The vendor also expanded the success of its NetApp alliance from product integration to a full resell agreement that includes NetApp Data Fabric solutions, alongside a global resell agreement.

Likewise, Veeam moved closer to Lenovo in a move designed to offer customers integrated solutions combining high-performance storage with trusted data protection which is sold directly from Lenovo and its resellers in a single transaction.

“We are leading the industry by empowering businesses to do more with their data backups, providing new ways for organisations to generate value from their data, while solving other business opportunities,” said Timashev. “Veeam has yet again achieved consistent company growth and profitability in this transformative market of data management in Hybrid-Cloud - and Veeam will continue to dominate.

“Together, with our partners, customers and alliances, and with our recent announcement of general availability for new cloud data management capabilities as part of Veeam Availability Suite 9.5 Update 4, our most important product launch in company history, we have solidified our position as the dominant leader in intelligent data management and one of the largest private software companies in the world.”

However, 2018 was not without incident, with the vendor embroiled in a major controversy, exposing 445 million customer records on an open server from Amazon Web Services, blaming the leak on “human error”.

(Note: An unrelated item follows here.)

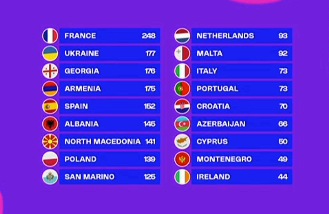 İlk beşlikdə ardıcıl olaraq Ukrayna, Gürcüstan, Ermənistan və İspaniya yer alıb.

As reported by Channel Asia, the error was uncovered by security researcher Bob Diachenko, who found an exposed Veeam MongoDB containing 445 million records, equating to 200GB of data.

The exposed database contained information on marketing leads, including names and email addresses.

Partners and customers were informed that the leak was due to “human error”, according to a statement attributed by co-CEO Peter McKay, who subsequently issued an apology for the incident.